Prompt =>
Your task is to transcribe all of the data below exactly, omitting the images.

The data =>
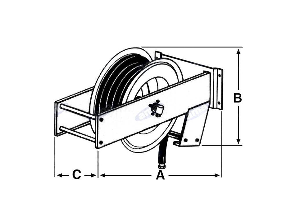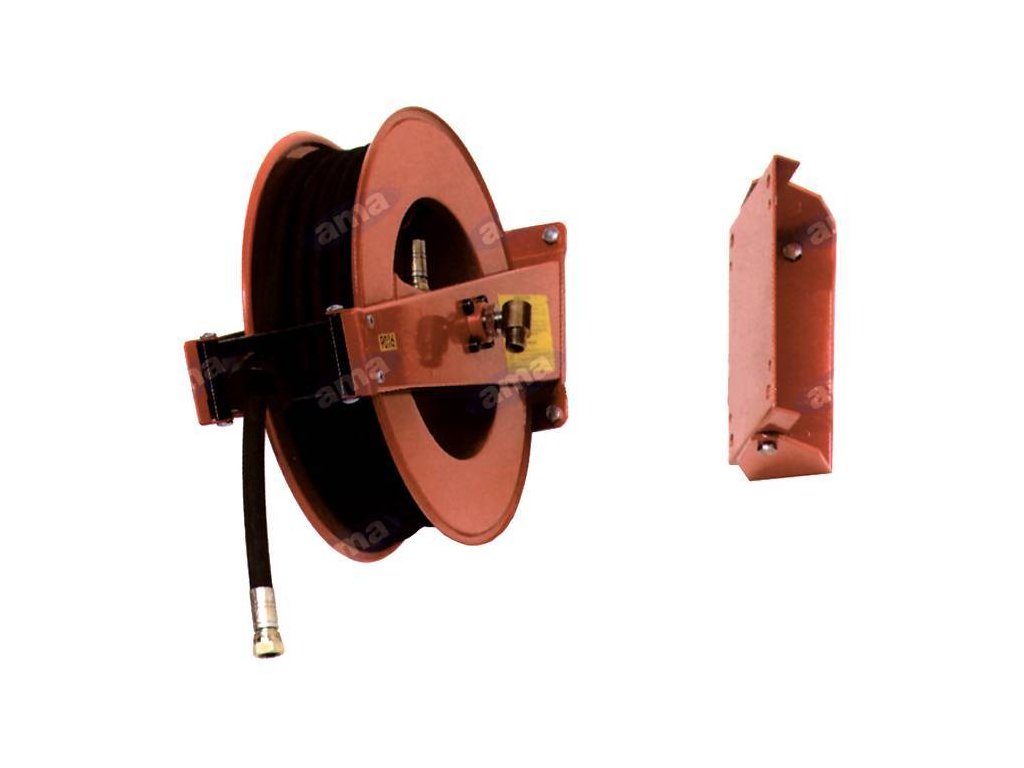 Druckschlauch auf selbstaufrollender Spule. Max. Druck 600 Bar, Gewicht 13 kg, Gewinde innen 1/2", außen 1/2", Schlauchlänge 15 m,
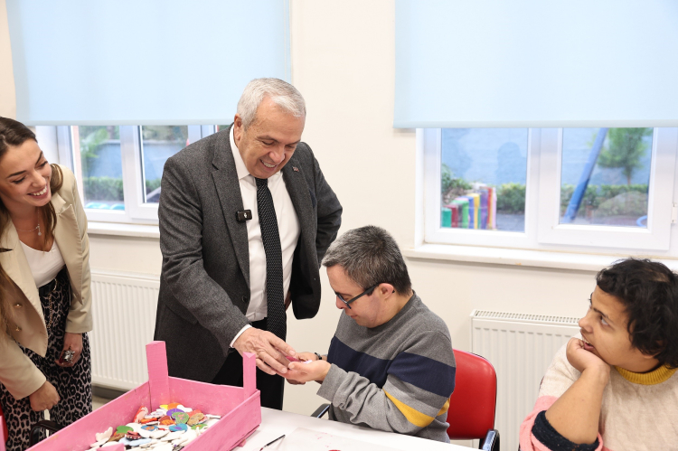 Başkan Şadi Özdemir, ziyareti sırasında belediyenin dezavantajlı bireyler, kadınlar ve gençlere yönelik yürüttüğü projeler hakkında bilgi verdi. Bizim Ev’de görev yapan çalışanların duyarlılığına dikkat çeken Başkan Şadi Özdemir, katılımcıların isteklerini dinledi. Şadi Özdemir, “Amacımız, sorunlarınıza çözümler üretmek ve sosyal hayata katılımı artıracak projeleri hayata geçirmeye devam etmektir” dedi.
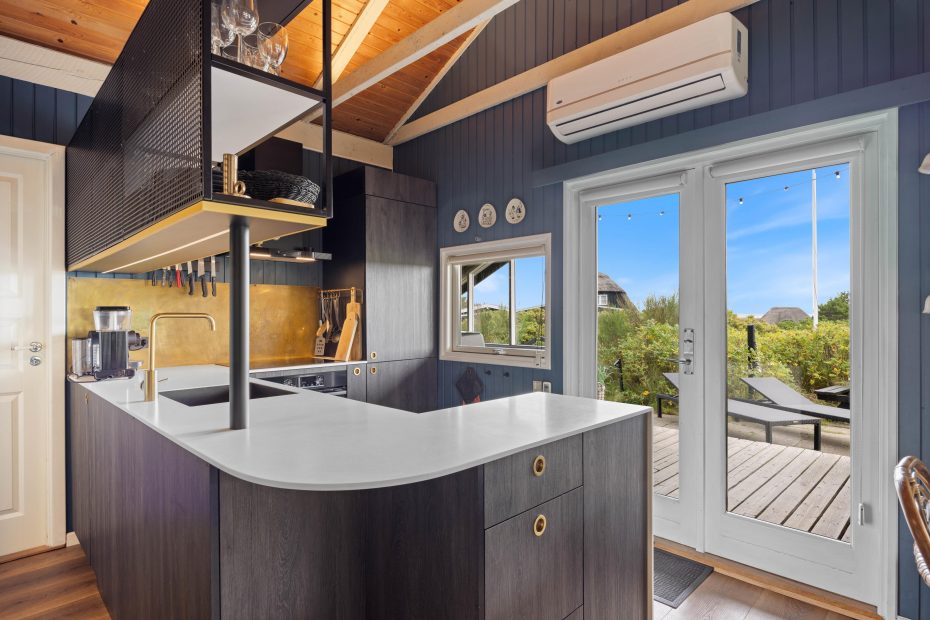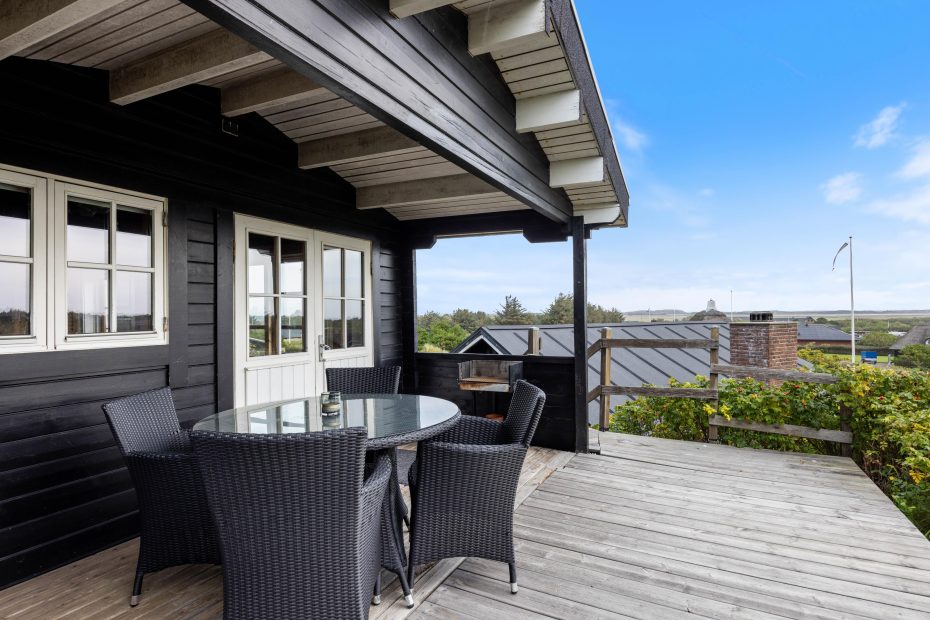 Sommerhuset har flere skønne terrasser – både en afskærmet og overdækket samt åben del. Her er masser af hyggekroge, hvor I kan sætte jer til rette med en god bog eller en lækker frokost i solen. Der er sandkasse til børnene, og så får I også en gasgrill, så I nemt og hurtigt kan tilberede en lækker grillmiddag.

Your solution =>
 Druckschlauch auf selbstaufrollender Spule. Max. Druck 600 Bar, Gewicht 13 kg, Gewinde innen 1/2", außen 1/2", Schlauchlänge 15 m,
 Başkan Şadi Özdemir, ziyareti sırasında belediyenin dezavantajlı bireyler, kadınlar ve gençlere yönelik yürüttüğü projeler hakkında bilgi verdi. Bizim Ev’de görev yapan çalışanların duyarlılığına dikkat çeken Başkan Şadi Özdemir, katılımcıların isteklerini dinledi. Şadi Özdemir, “Amacımız, sorunlarınıza çözümler üretmek ve sosyal hayata katılımı artıracak projeleri hayata geçirmeye devam etmektir” dedi.
 Sommerhuset har flere skønne terrasser – både en afskærmet og overdækket samt åben del. Her er masser af hyggekroge, hvor I kan sætte jer til rette med en god bog eller en lækker frokost i solen. Der er sandkasse til børnene, og så får I også en gasgrill, så I nemt og hurtigt kan tilberede en lækker grillmiddag.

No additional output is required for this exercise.